- _Work request_
Take the entries below and reproduce exactly the portion that begins at the line containing "镜头在间歇扫到小牛老板马克-库班,只见库" and ends at the line containing "Le pirate tente", keeping both ends, dropping pictures, and adding nothing else.

- _Extracted information_
━━━━━━━━━━━━━━━━━━━━━━━━━━━━━━

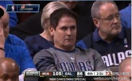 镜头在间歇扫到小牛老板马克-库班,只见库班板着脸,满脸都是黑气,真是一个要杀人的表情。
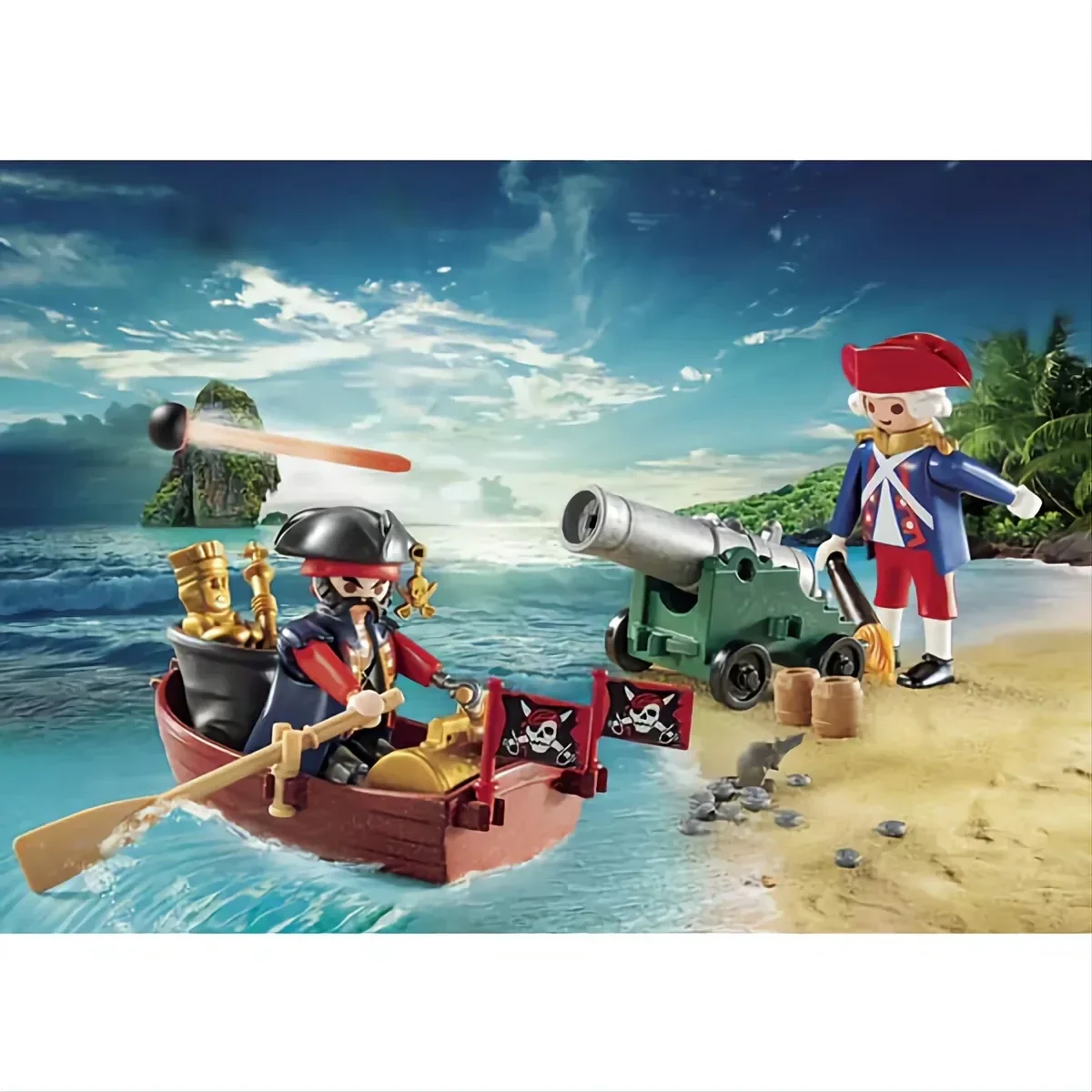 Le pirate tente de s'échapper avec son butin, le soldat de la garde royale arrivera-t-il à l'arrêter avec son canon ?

━━━━━━━━━━━━━━━━━━━━━━━━━━━━━━

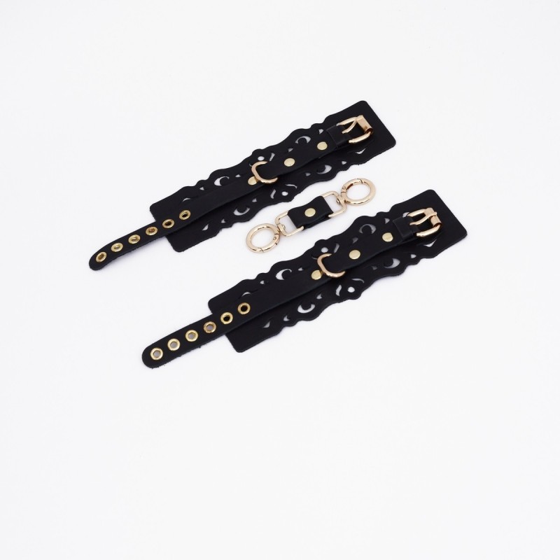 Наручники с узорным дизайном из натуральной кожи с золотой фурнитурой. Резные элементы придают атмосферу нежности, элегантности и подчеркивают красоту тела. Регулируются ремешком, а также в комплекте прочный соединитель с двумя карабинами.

━━━━━━━━━━━━━━━━━━━━━━━━━━━━━━

- _Result for this task_
 镜头在间歇扫到小牛老板马克-库班,只见库班板着脸,满脸都是黑气,真是一个要杀人的表情。
 Le pirate tente de s'échapper avec son butin, le soldat de la garde royale arrivera-t-il à l'arrêter avec son canon ?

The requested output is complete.